Following initial coding, the coding team charted codes into a matrix. Codes were then abstracted into categories to answer the two research questions. Categories to inform coding matrices were (a) experiences in treatment, (b) barriers in treatment, (c) facilitators of treatment, and (d) desired treatment modifications. Codes within each category were collapsed and charted into a new matrix sheet for participants and providers, respectively. All three team members analyzed categories for themes. Comparative analysis and team discussion polished themes until they reached consensus. There were several major themes and sub-themes (Fig. 1). No major theme or sub-theme was considered until over 50 % of the sample reported the theme. Coding of the second theoretical sample of clinical researchers mirrored coding of the first sample except that the coding team coded transcripts based on the major themes and sub-themes extracted from the first sample of data.
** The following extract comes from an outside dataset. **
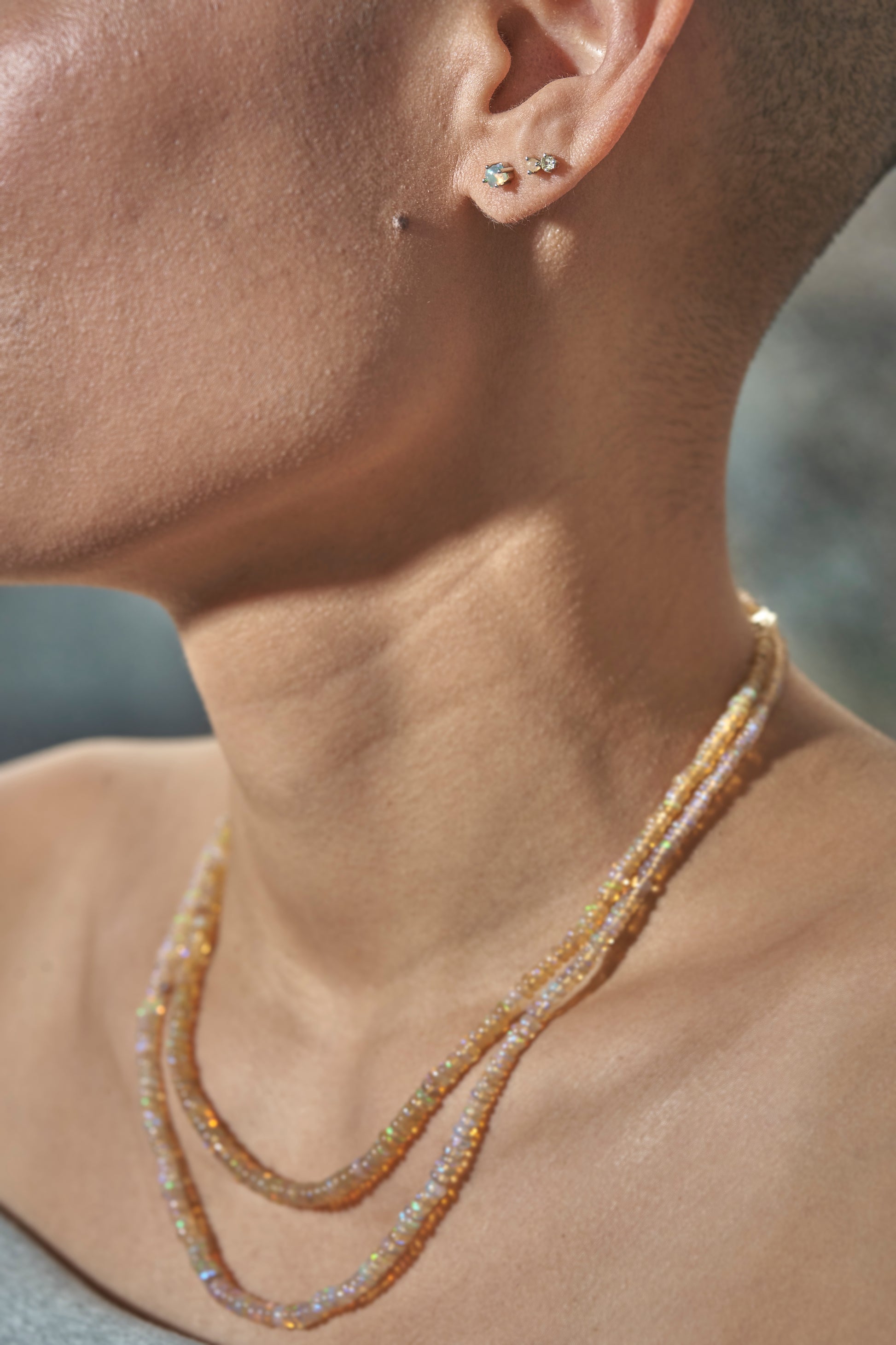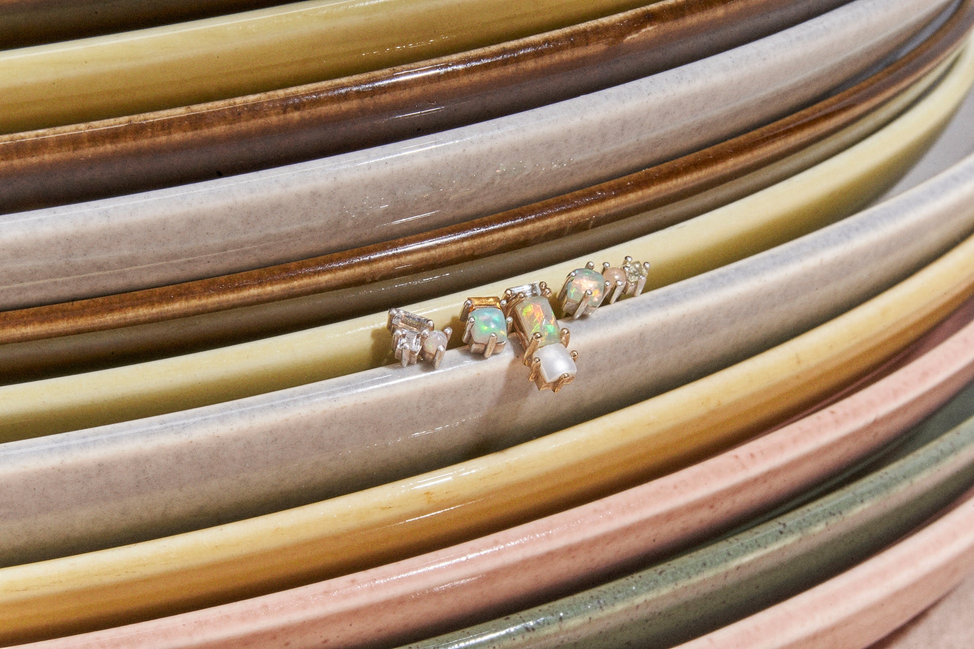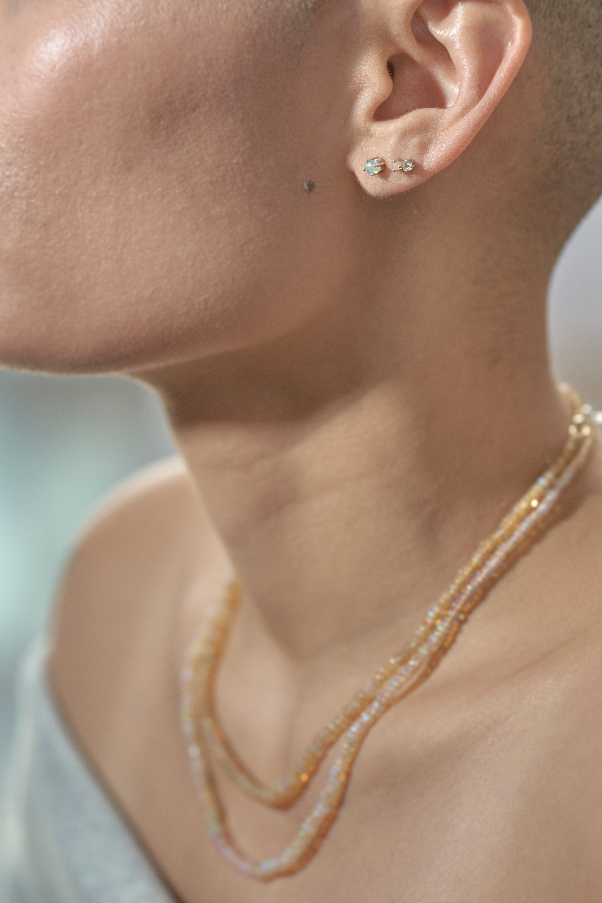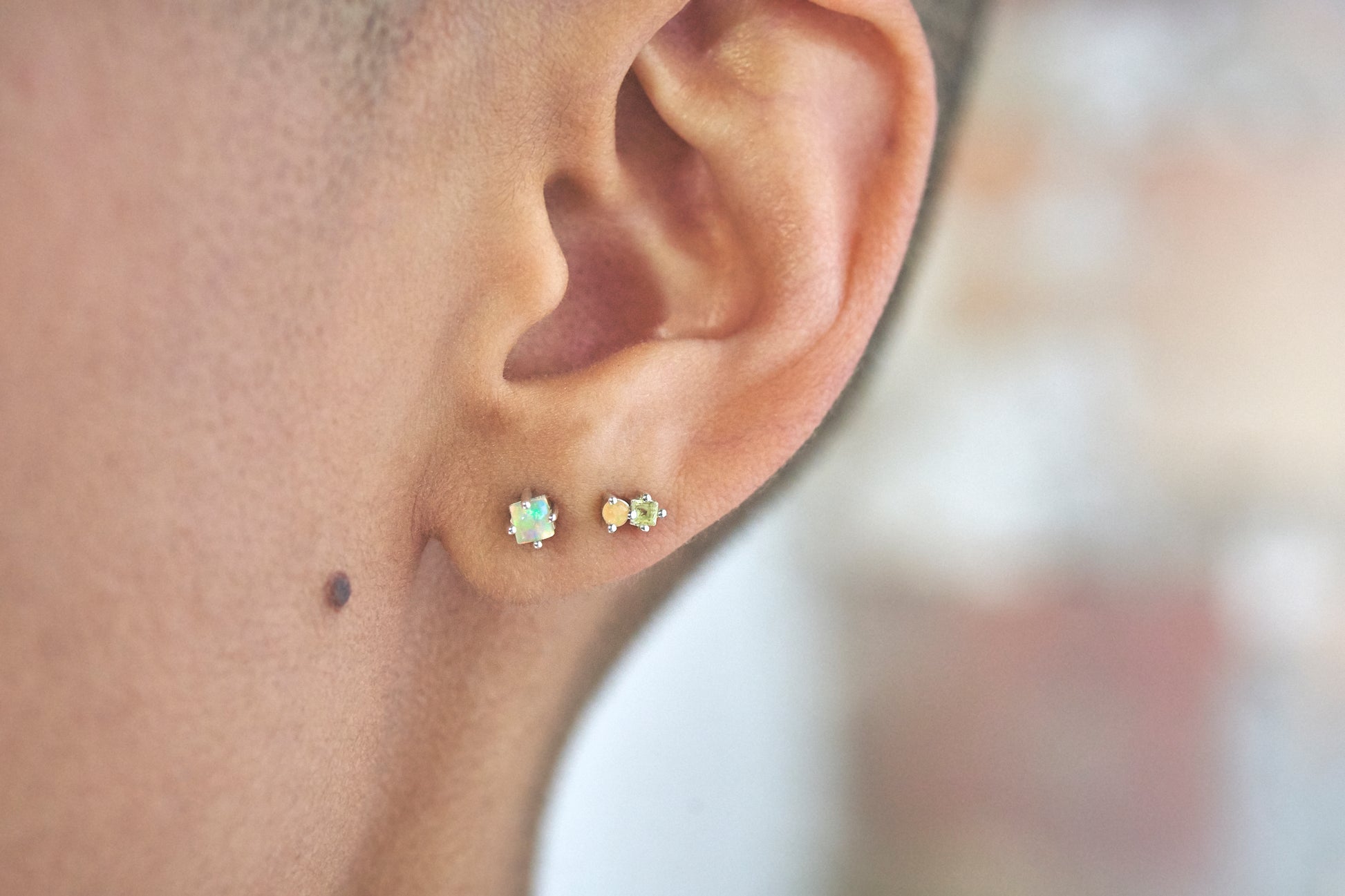 We like to think of the Mav Earring as perfect subtle pop of color and sparkle with natural square Fire Opal stones. Clean and elegant when worn on its own and the perfect neural stone to add into almost any ear stack.

Due to the significant overlap in qualitative themes by providers in the second subset of five providers, the study combined data into one sample in one matrix table. The research team selected exemplary quotes which they lightly edited for readability and confidentiality (Lingard, 2019).
Fig. 1.

Summary of patient and provider participants themes and sub-themes. Blue boxes indicate research questions. Green boxes indicate major themes. White boxes indicate sub-themes.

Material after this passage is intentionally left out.